The episode places OpenAI in a delicate position. By publicly defending Anthropic’s principles, Altman risks angering the administration. Yet if the Pentagon ultimately designates Anthropic a “supply chain risk,” OpenAI could stand to gain a lucrative government contract — provided it reaches terms acceptable to defense officials.

Elon Musk, whose company xAI has agreed to the Pentagon’s broader “all lawful purposes” standard, has derided Anthropic as “Misanthropic,” accusing it of ideological bias. Trump echoed similar themes in his post, portraying the dispute as a struggle between elected authority and “out-of-control” technology executives.

Defense officials have rejected suggestions that they intend to conduct mass surveillance or rapidly field autonomous weapons. Their objection, they say, is to a private company dictating operational constraints in the midst of a technological race with China. In conversations with reporters, Pentagon officials have described concerns that Anthropic might question or delay critical deployments at sensitive moments — a characterization the company denies.
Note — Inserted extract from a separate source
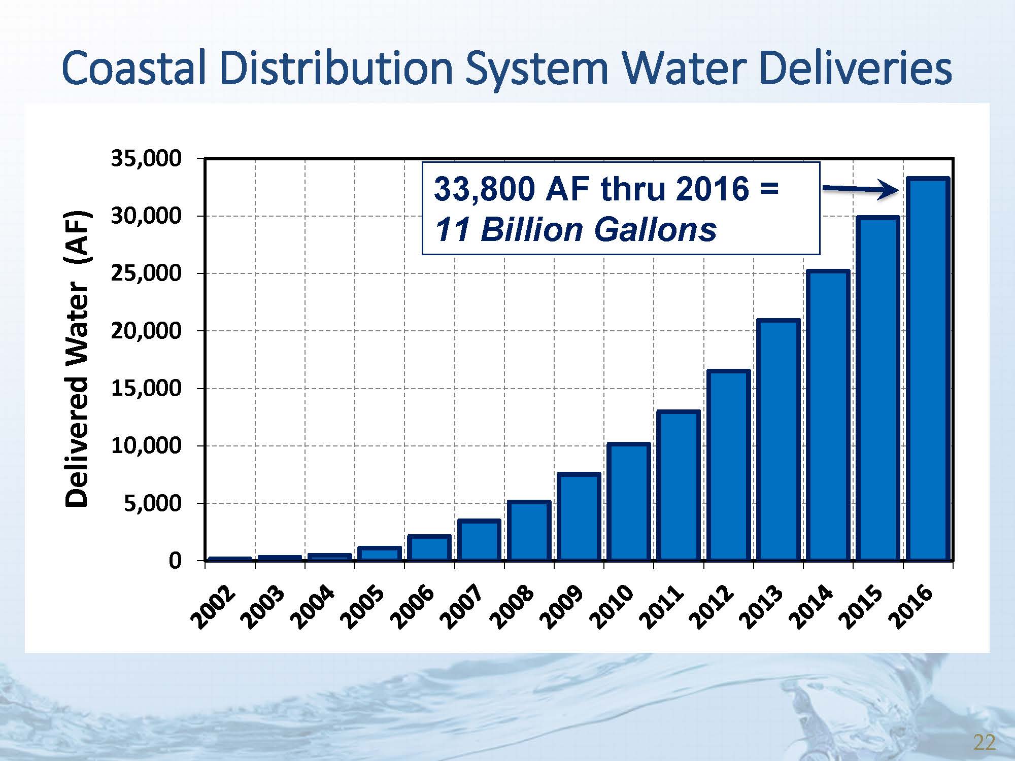 He next presented a map of seawater intrusion, noting that the map illustrates a chloride concentration of 100 parts per million which shows the inland migration through time which has drastically slowed since the water supply facilities began delivering water.

The rupture comes at a pivotal moment for the AI industry. After Anthropic’s stance became public, employees from OpenAI and Google signed a letter urging their executives to resist “pressure” from the Pentagon. Some in Washington and Silicon Valley have praised Anthropic for risking a major financial blow to uphold ethical boundaries; others view the move as naïve in matters of national defense.

For Anthropic, the president’s order represents a significant setback. Government work has been seen as both a revenue source and a proving ground for frontier AI capabilities. Losing federal contracts could reshape its growth trajectory and strengthen rivals.

If negotiations with OpenAI prove less adversarial, the Pentagon could secure access to powerful models without surrendering control. If not, the United States may confront a future in which its most advanced AI tools are developed under conditions of political distrust — or not deployed at all.